**Supplied material**:
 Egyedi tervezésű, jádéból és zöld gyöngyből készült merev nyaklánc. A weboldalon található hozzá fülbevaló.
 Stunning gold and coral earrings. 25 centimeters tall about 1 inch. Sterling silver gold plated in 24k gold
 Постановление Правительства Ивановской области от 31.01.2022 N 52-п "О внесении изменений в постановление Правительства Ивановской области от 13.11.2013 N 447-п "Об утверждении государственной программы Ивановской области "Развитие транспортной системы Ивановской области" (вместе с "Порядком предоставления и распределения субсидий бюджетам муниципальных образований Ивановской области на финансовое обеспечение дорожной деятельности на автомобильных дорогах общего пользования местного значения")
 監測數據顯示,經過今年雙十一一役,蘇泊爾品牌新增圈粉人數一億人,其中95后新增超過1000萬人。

--

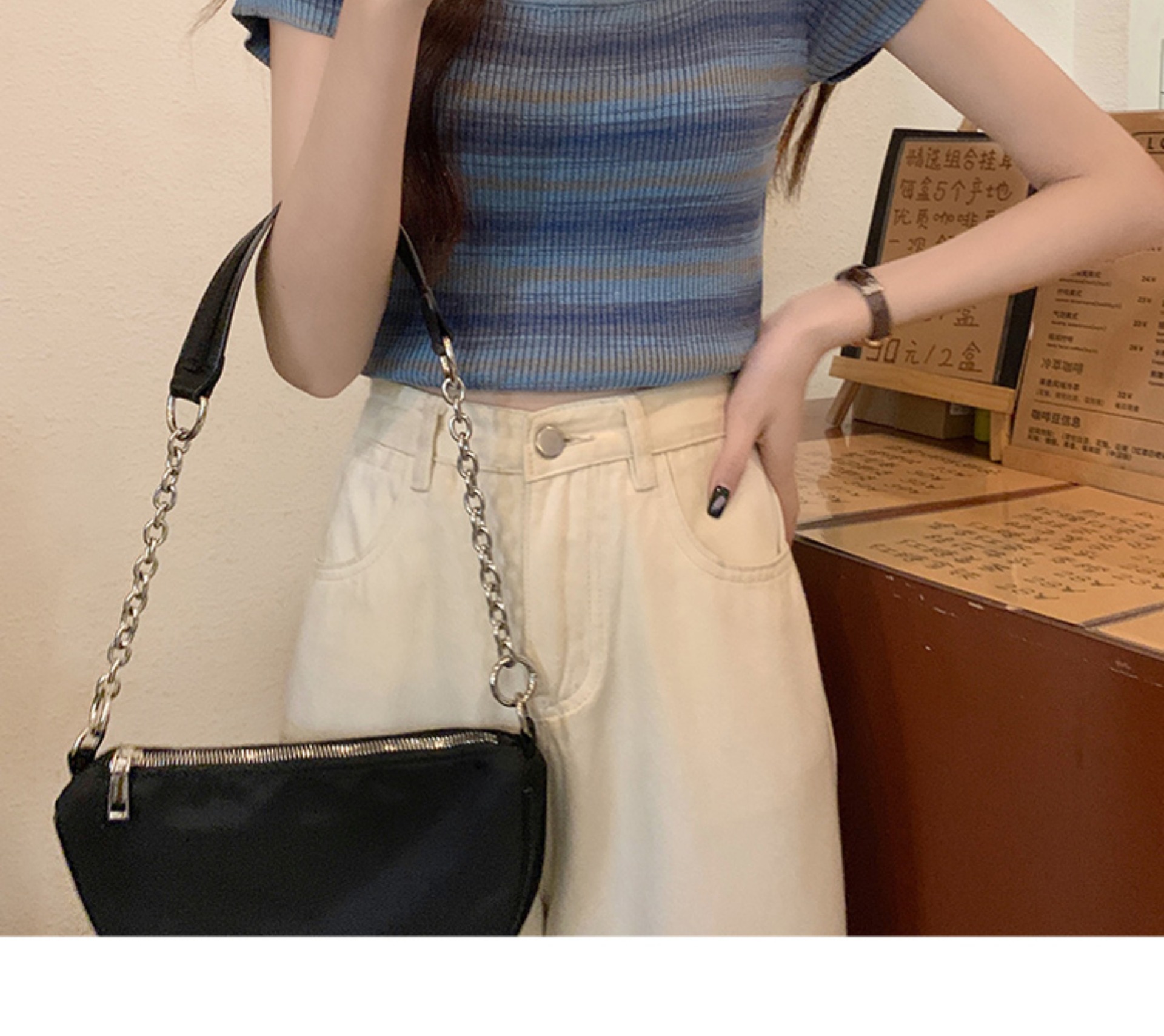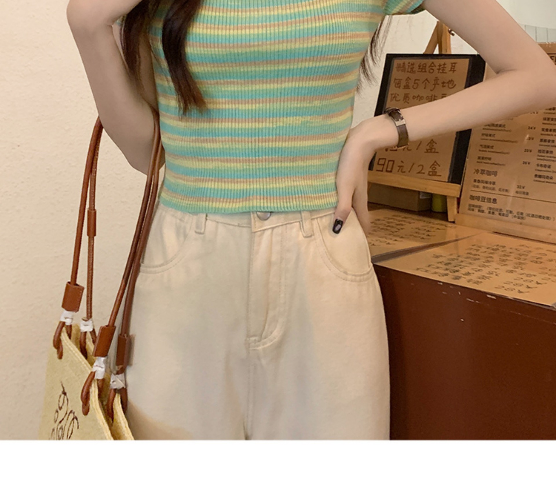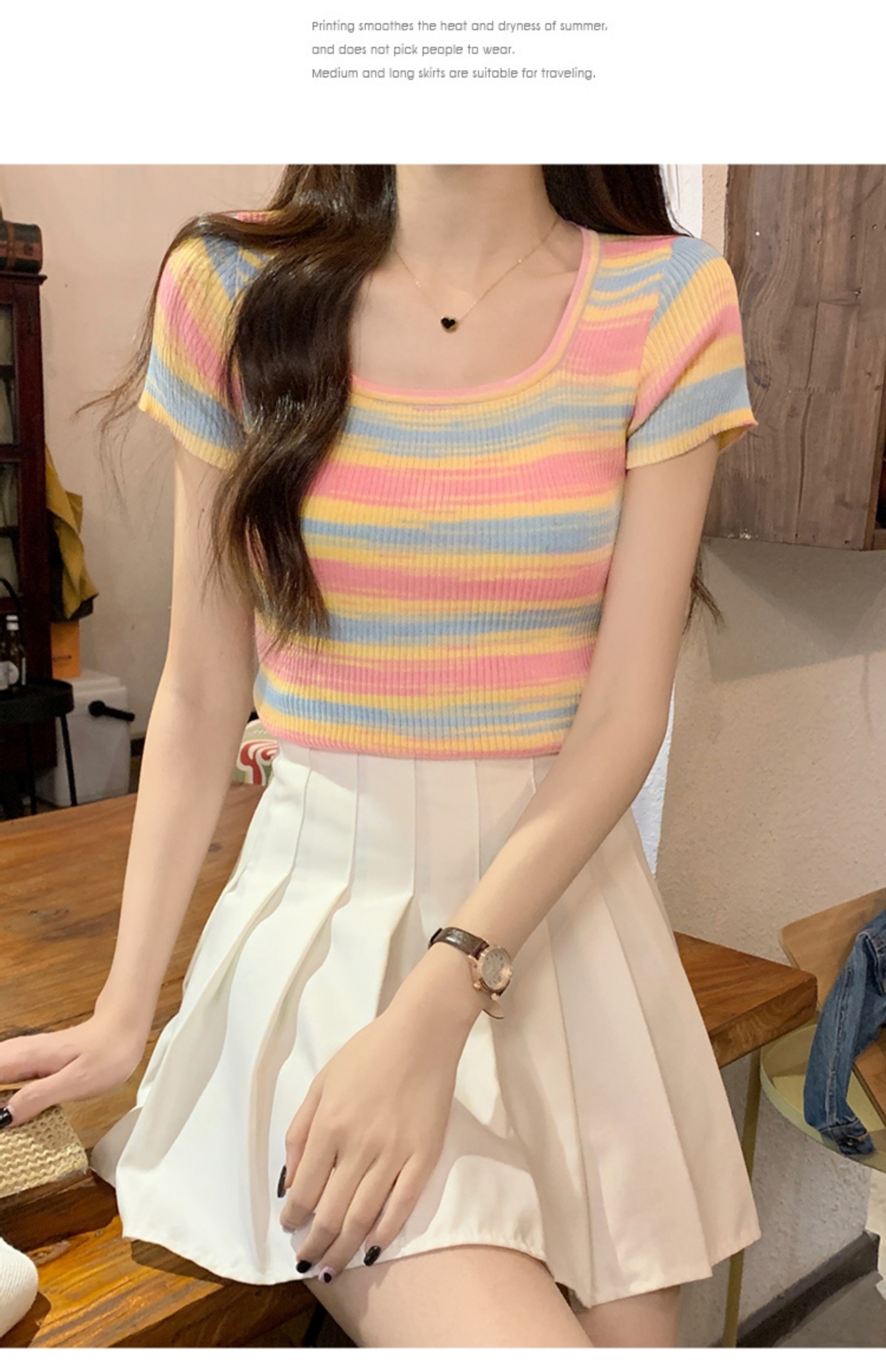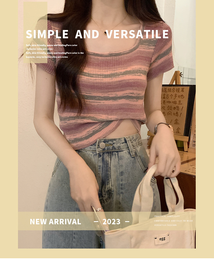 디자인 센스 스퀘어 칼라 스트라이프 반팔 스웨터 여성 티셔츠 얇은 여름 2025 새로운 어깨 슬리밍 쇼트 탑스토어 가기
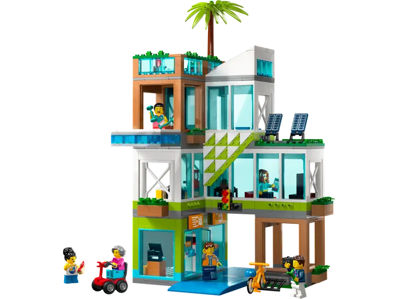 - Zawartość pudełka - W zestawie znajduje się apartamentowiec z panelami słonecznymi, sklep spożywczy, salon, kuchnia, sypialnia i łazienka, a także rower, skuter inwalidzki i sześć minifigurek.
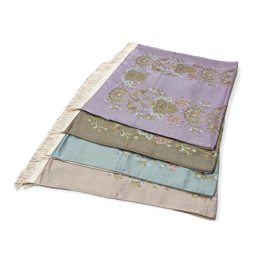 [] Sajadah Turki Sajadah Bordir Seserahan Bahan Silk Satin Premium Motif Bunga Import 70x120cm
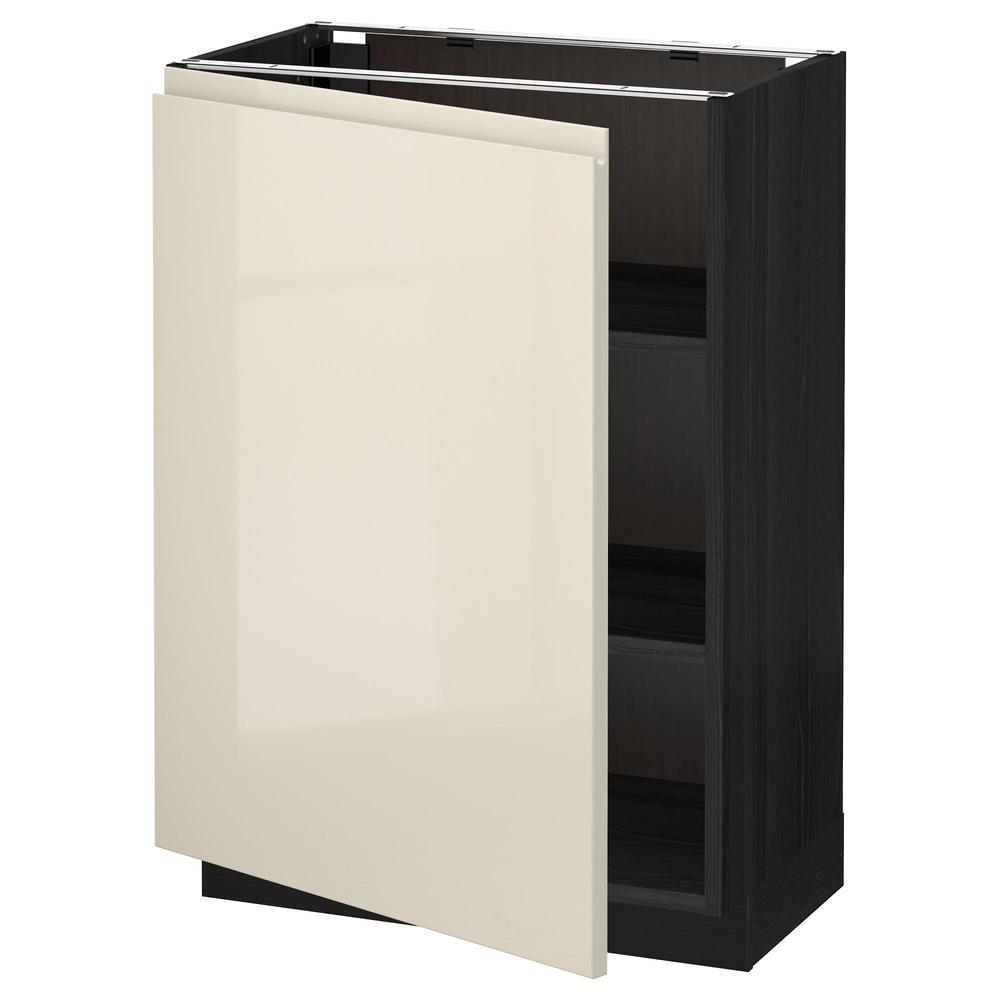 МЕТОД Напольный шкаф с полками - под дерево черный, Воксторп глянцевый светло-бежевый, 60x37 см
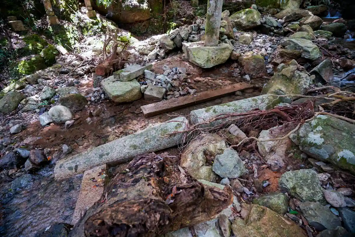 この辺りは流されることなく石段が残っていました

**Your task**: From the entries above, give again exactly the lines running from the line with "Постановление Правительства Ивановской области от 31.01.2022" to the line with "監測數據顯示,經過今年雙十一"; include both of those lines.

**Solution below**:
 Постановление Правительства Ивановской области от 31.01.2022 N 52-п "О внесении изменений в постановление Правительства Ивановской области от 13.11.2013 N 447-п "Об утверждении государственной программы Ивановской области "Развитие транспортной системы Ивановской области" (вместе с "Порядком предоставления и распределения субсидий бюджетам муниципальных образований Ивановской области на финансовое обеспечение дорожной деятельности на автомобильных дорогах общего пользования местного значения")
 監測數據顯示,經過今年雙十一一役,蘇泊爾品牌新增圈粉人數一億人,其中95后新增超過1000萬人。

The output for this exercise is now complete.